Schivo, ingombrante, malinconico il famoso commissario si avvia verso la fine della sua carriera. Ha perso un po’ il gusto per il suo mestiere. Lo ritroverà quando dovrà risolvere un caso piuttosto complesso: quello di una giovane morta. E vedendo che i conti non tornano: ritrovata a Place Vintimille a Parigi, indossa un abito da sera consunto e una scarpa d’argento con tacco a spillo che farebbero pensare a una prostituta, ma nessuno sembra conoscerla e non ci sono altri elementi per identificarla.
Patrice Leconte adatta, o meglio come dice lui “adotta”, insieme a Jérôme Tonnere (con cui aveva già collaborato in Confidenze troppo intime, Il mio migliore amico e Una promessa) il libro Maigret e la jeune morte (1954). Da maestro dei contrari quale è gioca tutto sugli opposti e inverte la rotta: il detective non è più l’eroe sicuro, vigile e deciso alla Sherlock Holmes, diversamente Maigret, pieno di dubbi, naviga a vista, non sembra più lui (come gli dice la moglie) e va avanti senza troppa convinzione non fidandosi di ciò che è ovvio perché nulla è “Elementare, Watson!”.
Il polo qui non è tanto la ricerca del colpevole, ma quel che importa, nella dicotomia carnefice/vittima, è l’identità della ragazza uccisa. È lei che Maigret cerca con tutte le sue energie e noi spettatori insieme a lui.
I confini sono labili, le zone d’ombra sono tante, non c’è alcuna voglia di essere conformi o di appartenere a qualche rango (Maigret è uno che non ha rispetto per le classi superiori e che non si trova a casa nell’alta borghesia: non vuole essere di quel mondo, ben più sensibile invece alle origini delle giovani che arrivano dalla provincia di Parigi).

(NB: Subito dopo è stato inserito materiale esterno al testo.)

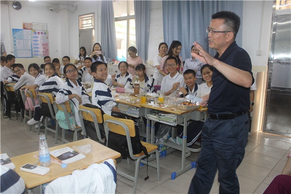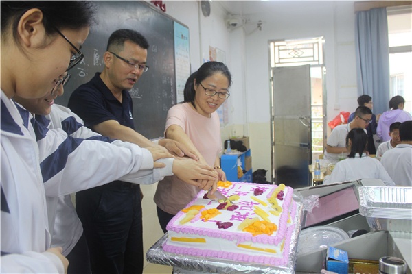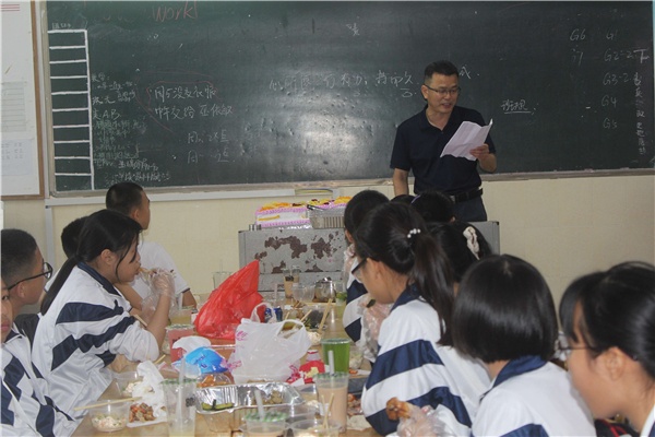 2019年5月13日,開發(fā)區(qū)一中校長劉利民在初二(14)班參加了該班學(xué)期中段表彰慶祝會,就校長信箱咨詢事宜當(dāng)面回復(fù)了學(xué)生,并和學(xué)生一起為該班5月出生的同學(xué)慶生,為地理生物中考鼓勁,大家開誠布公暢談校園生活,釋疑解惑,其樂融融。

Specchio dei nostri tempi incerti, quest’antieroe protagonista mette la punizione sullo sfondo e l’essenza (della vita e dell’essere) in primo piano. Il giudizio è relativo, la ricerca, l’ascolto, l’apertura sono le sole cose che contano. Anche se di aperto in questo film crepuscolare e intimo dall’impianto classico (“ma non polveroso”, come sottolinea Leconte, piuttosto lo definirei “fumoso”, quasi un omaggio alle sale cinematografiche del passato) c’è ben poco perché il regista, che ama essere coinciso come il “suo” Simenon, ha già dichiarato che non dirigerà un secondo Maigret. Niente sequel o serie tv sul celebre commissario in arrivo, quindi.
Non temete però il grande Depardieu si accinge a diventare un altro attore feticcio di Leconte, al pari di Jean Rochefort e Daniel Auteil, e prossimamente lo vedremo protagonista di un nuovo film da lui diretto. Non sarà però Maigret. Pazienza, ci faremo bastare questo (Maigret-Depardieu) che ci seduce con le sue relative debolezze e fragilità, con le sue zone d’ombra e le sue incertezze, e con tutta la sua umanità e la sua poesia… da non perdere.